Lead Data and Platform Engineer
Role details
Job location
Tech stack
Job description
- Drive engineering excellence by architecting robust, scalable data platforms that deliver measurable, transformational value to product outcomes in the AgTech space.
- Build, maintain, and deploy production-grade commercial applications and data services that are highly available, reliable, and performant.
- Design and optimise sophisticated batch and streaming data pipelines within the Snowflake or similar Data Cloud, ensuring data integrity, quality, and accessibility for analytics and machine learning applications.
- Collaborate directly with machine learning engineers and production application engineers to integrate open source MLOps pipelines (CI/CD for ML) and deploy models seamlessly into production environments using specialised tools like MLflow, DVC and Feast.
- Lead the design and implementation of data ontologies and knowledge graphs using graph databases (e.g., Neo4j, Neptune) to model complex biological and operational data relationships for sophisticated AI insights.
- Lead our data engineering efforts on data platforms such as Snowflake, Databricks or similar focusing on data modelling, and analytics workflows to deliver actionable intelligence to customers.
Technologies:
- AI
- CI/CD
- Cloud
- Databricks
- Machine Learning
- Neo4J
- RDF
- Snowflake
- Airflow
- AWS
- Ansible
- Azure
- Computer Vision
- DevOps
- Docker
- ELK
- FastAPI
- GCP
- GitLab
- Grafana
- IoT
- Jenkins
- Kafka
- Kubernetes
- MongoDB
- MySQL
- Nexus
- PostgreSQL
- Prometheus
- Python
- Robotics
- Terraform
Requirements
- 5+ years of experience in data platform engineering roles within analytics-heavy, fast-paced tech/product companies.
- Experience in AgTech, Healthtech, or Biotechnology is highly preferred, demonstrating a clear understanding of applied data challenges in complex domains.
- Proven track record of working effectively within integrated product teams composed of ML Engineers, Data Scientists, Platform Engineers, and Application Engineers.
- Deep expertise in Snowflake or similar architecture and management.
- Hands-on experience in knowledge modelling, ontology design (using RDF, OWL, or similar), and managing graph databases (e.g., Neo4j).
- Strong experience with MLOps frameworks like MLflow, DVC, Feast and data orchestration tools is required.

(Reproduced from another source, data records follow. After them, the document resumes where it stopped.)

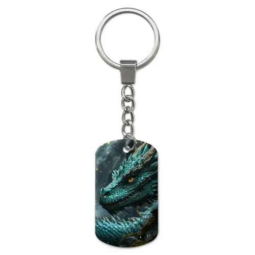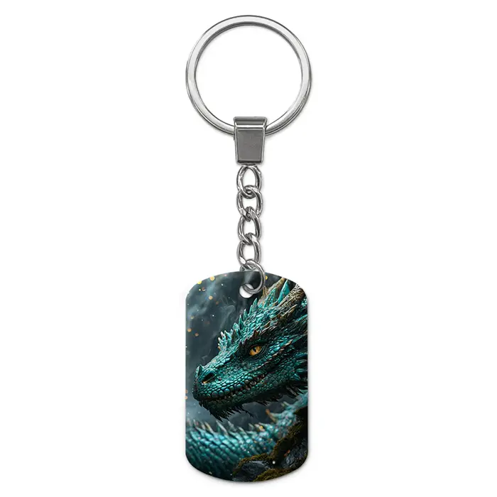 Двухсторонний брелок-жетон для ключей или сумки из алюминиевого сплава с цветным изображением дракона.
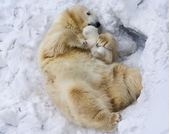 Όμως όλα της φαίνονταν περίεργα, έτσι η μαμά αρκούδα χρειάστηκε να την… κουβαλήσει μόνη της έξω και να την «παρουσιάσει» στους επισκέπτες του πάρκου Novosibirsk Zoo.
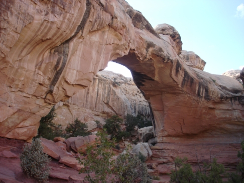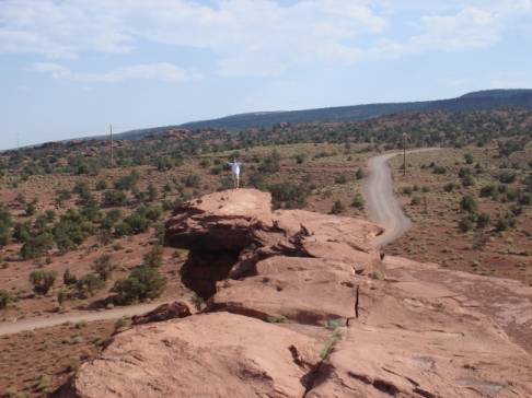Photo 2 : Un peu avant d'entrer dans le parc, on s'arrête devant un panneau explicatif comme il y en a partout. il est intéressant car il montre la même vue si on avait la pollution urbaine à cet endroit là. (J'espère que vous le verrez bien sur la photo) Photo 3 : Je fais un peu le pitre, perdu dans l'immensité rouge... Photo 4 : Arrivé dans le parc, on fait notre randonée du soir, la plus courte hein faut pas pousser. Photo 5 : Pour indiquer le chemin, les rangers ont fait des petits cairns sur le trajet... Pour aider, on en fait un aussi avant de lire 500 mètres plus loin qu'il est strictement interdit de faire ses propres cairns ![]() Photo 6 : La destination, une magnifique et monumentale arche naturelle. Photo 7 : Dans le parc, une toute petite école mormonne... 4 élèves et l'institutrice doivent y être à l'étroit...
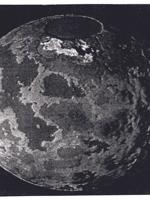 The cover photographs of Mars were taken in 1909 and 1902 and appeared in books by George Camow and Marshall B. Gardner. The protruding polar brightness was explained by Gamow as an ice cap, and by Gardner as the light of an internal sun shining through a polar hole.
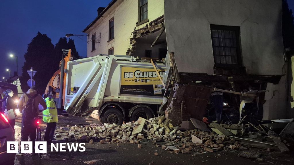 The crash happened at the junction of Mill Street, Bridge Street and Broad Street in Leominster, Herefordshire at about 06:40 GMT. The building was empty at the time.

- A willingness to go above and beyond, bringing a highly proactive, product-focused mindset aimed at delivering engineering excellence and tangible business transformation.
- Prior experience in a start-up or scale-up environment is essential. Ability to navigate ambiguous and uncertain scenarios to make key decisions.
- Excellent cross-functional communication skills - comfortable working across technical and operational teams.
- Able to travel to our E8 London HQ approximately twice per week.
- [Desirable] Experience with multimodal data engineering and building customer facing data products.
Benefits & conditions
At FLOX, we are a dedicated team committed to revolutionizing poultry farming with our innovative FLOX360 system. We promote healthier chickens and better farming practices through advanced technology and real-time insights. Our diverse team, made up of engineers and entrepreneurs from various backgrounds, fosters an inclusive and positive culture. We offer flexible hybrid working, competitive compensation, and the opportunity to work with cutting-edge technologies in a rapidly growing startup environment. Based in London, we are on the lookout for ambitious and purpose-driven individuals to join us in making a meaningful impact.